In rustc, the [`Generics`] structure carries this information. So the
[`Generics`] for `Bar` above would be just like for `U` and would indicate the
'parent' generics of `Foo`, which declares `Self` and `T`. You can read more
in [this chapter](./generics.md).
[`ParamTy`]: https://doc.rust-lang.org/nightly/nightly-rustc/rustc_middle/ty/struct.ParamTy.html
[`EarlyBoundRegion`]: https://doc.rust-lang.org/nightly/nightly-rustc/rustc_middle/ty/struct.EarlyBoundRegion.html
[`Generics`]: https://doc.rust-lang.org/nightly/nightly-rustc/rustc_middle/ty/struct.Generics.html
## Late-bound parameters
Late-bound parameters in `rustc` are handled quite differently (they are also
specialized to lifetimes since, right now, only late-bound lifetimes are
supported, though with GATs that has to change). We indicate their potential
presence by a [`Binder`] type. The [`Binder`] doesn't know how many variables
there are at that binding level. This can only be determined by walking the
type itself and collecting them. So a type like `for<'a, 'b> ('a, 'b)` would be
`for (^0.a, ^0.b)`. Here, we just write `for` because we don't know the names
of the things bound within.
Moreover, a reference to a late-bound lifetime is written `^0.a`:
- The `0` is the index; it identifies that this lifetime is bound in the
innermost binder (the `for`).
- The `a` is the "name"; late-bound lifetimes in rustc are identified by a
"name" -- the [`BoundRegionKind`] enum. This enum can contain a
[`DefId`][defid] or it might have various "anonymous" numbered names. The
latter arise from types like `fn(&u32, &u32)`, which are equivalent to
something like `for<'a, 'b> fn(&'a u32, &'b u32)`, but the names of those
lifetimes must be generated.
This setup of not knowing the full set of variables at a binding level has some
advantages and some disadvantages. The disadvantage is that you must walk the
type to find out what is bound at the given level and so forth.

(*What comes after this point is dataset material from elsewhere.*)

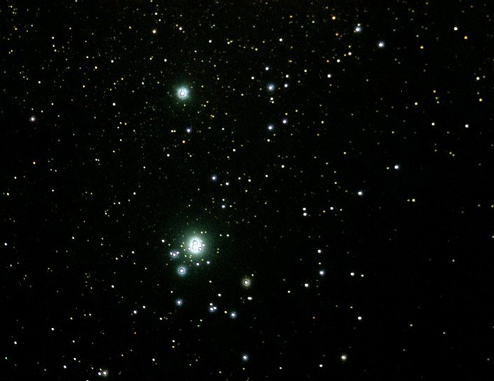 Der reiche Haufen ist fast schon zu groß für meinen Kamerachip. Die unterschiedlichen Farben der Sterne kommen sehr gut heraus. Auf der Suche nach anderen Objekten in dieser Region strapaziere ich TheSky und finde etwas, das mich interessiert: NGC 6193 im Altar, an der Grenze zum Lineal. Das Objekt wird als Sternhaufen mit Nebel beschrieben. Ich kann auf den Rohbildern zwar keinen Nebel erkennen, aber der Sternhaufen erweist sich als sehr interessant: Die lockere, grosse Sterngruppe zeigt eine markante Verdichtung nahe einem hellen Doppelstern, den ich in der Ausarbeitung nur durch einen schon fast unästhetisch starken DDP-Filter aus dem Seeingscheibchen herauslösen kann. Und in der Ausarbeitung finde ich dann auch den Nebel: Am obersten Bildrand der Rotauszüge erkenne ich feine Filamente (sie sind in der endgültigen Ausarbeitung des Sternhaufens nicht mehr zu sehen), das Objekt in Summe ist also zu gross für mein scheibares Feld.

The advantage
is primarily that, when constructing types from Rust syntax, if we encounter
anonymous regions like in `fn(&u32)`, we just create a fresh index and don't have
to update the binder.
[`Binder`]: https://doc.rust-lang.org/nightly/nightly-rustc/rustc_middle/ty/struct.Binder.html
[`BoundRegionKind`]: https://doc.rust-lang.org/nightly/nightly-rustc/rustc_middle/ty/enum.BoundRegionKind.html
[defid]: ./hir.html#identifiers-in-the-hir